# KBS Tour C-Taper (Stiff) vs True Temper S300



## One Planer (Mar 12, 2014)

Anyone of you knowledgeable folk have any experience with these shafts?

Just curious as to how these two shafts were to compare if played side by side?


Would there be a marked difference in spin, launch, playing profile (One stiffer than he other) etc?

Thanks in advance :thup:


----------



## Foxholer (Mar 12, 2014)

I've played S300 in a couple of sets (MP30, CB201) and KBS Tours in another (V-Muscles).

C-Tapers may/may not have felt better for me, but they hadn't been released at that stage - and are just a bit more of a 'hitter's' shaft from what I understand. I've had a couple of hits with with a soft X that actually felt better (less harsh) than PX5.5.

I would think the C-Tapers (which are much prettier!) would have a marginal lower flight than S300.  Certainly meant to be a tad lower than the Tours, which seemed about the same as S300 - though they all seem to go mid-high for me! Spin meant to be low-ish too. There's a KBS chart about that shows their offerings pretty well.

Only real way to sort it out is to audition them - as feel is very personal.

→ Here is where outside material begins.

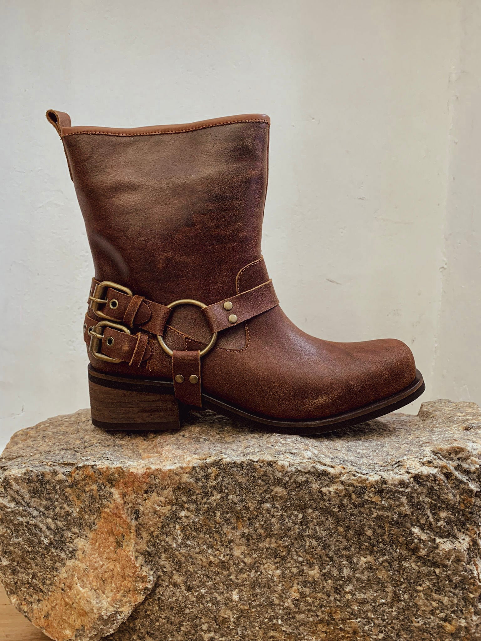 Las biker boots TERRAN llegaron para convertirse en tus infaltables de temporada. Confeccionadas en cuero 100% premium, combinan comodidad y estilo en un diseño versátil y moderno. Su suela de 3 cm y caña media de 23 cm logran el balance perfecto entre funcionalidad y estética. Además, cuentan con un estivo desmontable que te permite adaptar el look según la ocasión. Disponibles en negro carnaza craquelada y miel carnaza craquelada, son ideales para mujeres que buscan calidad y personalidad en cada paso.

S300 is Butt soft, tip stiff. KBS tend to be Butt stiff, tip soft. Tours more so than the C-Tapers I believe.


----------



## the_coach (Mar 12, 2014)

Have the c-tapers (S) in my new Apex Pro's, but before had had them put into my old MP 33's too.

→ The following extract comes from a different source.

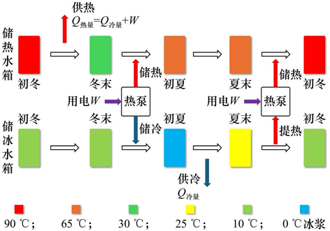 跨季節(jié)儲(chǔ)熱/儲(chǔ)冷原理討論如下。進(jìn)入冬季,利用蓄熱水箱預(yù)先儲(chǔ)存的90 ℃熱水為建筑供熱,釋放出熱量后成為30 ℃溫水并儲(chǔ)存;采暖結(jié)束后,利用春季的過(guò)剩電力將儲(chǔ)冷水箱中15 ℃的冷水制成冰漿,用制冰提取出的熱量加熱蓄熱水箱中的溫水。春季結(jié)束時(shí),儲(chǔ)冷水箱中為含冰量30%~50%的冰漿,儲(chǔ)熱水箱的水溫升至65 ℃。進(jìn)入夏季,利用儲(chǔ)冷水箱中的冰漿為建筑供冷,釋出冷量后成為25 ℃的溫水。進(jìn)入秋季,再利用富余的電力通過(guò)熱泵將冷水箱中25 ℃的溫水冷卻到10 ℃,提取出的熱量將熱水箱中的熱水由65 ℃升溫至90 ℃。由此實(shí)現(xiàn)利用春、秋季的富余電力,將夏季建筑物排出的熱量用于冬季采暖,既可減少冬、夏季采暖空調(diào)的用電量,也能解決冬季建筑采暖缺少熱源的問(wèn)題。通過(guò)這一方式全年獲取的冷/熱量之和與用電總量之比可達(dá)5,即使考慮儲(chǔ)熱、儲(chǔ)冷損失,綜合COP>4,優(yōu)于單獨(dú)的熱泵制熱、制冷表現(xiàn)。
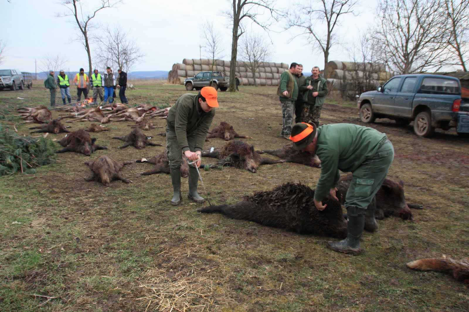 Andre drev denne dagen så jeg ingenting, også her meget få skudd maks 10. Har en video, får se om jeg får lagt den opp senere. Noen hadde bra pass og det ble noen griser og hjorter på paraden. Kort drev og vi avsluttet kl 14!!!! Det ble deretter viltparade med hornblåsning (første gang det ble blåst i horn – trodde de skulle blåse igang og avslutte drevene). 25 dyr på paraden, men som tidlige sagt var det kun 14 som vi 18 fra Norden hadde skudd. Vi hadde skutt 52 skudd. Et særdeles dårlig resultat og stemningen bar preg av dette.

The c-tapers are quite some lower launch than the S300's and so lower spin too. My experience of the S300's is it's a mid launch shaft really in comparison. 

You'd have to try them to see if you have the SS & shaft load profile to see if they would work for you. 
Would strongly advise testing this out on LM to get whether you'd still get distance, peak height & descent angle you'd want.

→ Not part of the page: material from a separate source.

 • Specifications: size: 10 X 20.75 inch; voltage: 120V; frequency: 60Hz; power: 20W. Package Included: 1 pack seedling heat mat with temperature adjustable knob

Through use would say the c-tapers therefore some degree stiffer, great shaft though, very stable.


----------



## mab (Mar 13, 2014)

C-Tapers frequency around half way between S300 and X100; they also launch lower and spin less than the S300.

You'd require a decent swing speed and transition to really benefit from the C-Taper in stiff flex; they're definitely big boys shafts.  Also, if you've played the prolific KBS Tour and appreciated the smooth feel, don't expect the C-Taper to have quite the same... they're slighly harsher in that regard.


----------



## Ethan (Mar 13, 2014)

I have C tapers (stiff) in a set of X Hot Pros and have also demoed them in Mizuno MP-54s and MP-4s. They have a reputation for being pretty stout, but I love them. They are the straightest and probably longest shafts I have ever hit. Now the XHP design contributes to it with a springy face and jacked up lofts, but they were also longer than PX, TT DG and standard KBS in the Mizunos too. 

They feel very different to TT DG. They feel quite light at first,  perhaps because they don't have counterbalancing like KBS Tours, and they feel a little dull with less feedback than KBS Tour, and they do launch lowish but the ball just wants to go straight. My current favourite shaft, although the KBS Tour V is worth a look too. 

As with all shafts, people vary and feel is important, so if you are in the market for TT DG or PX 5.5 or 6, give them a try.


----------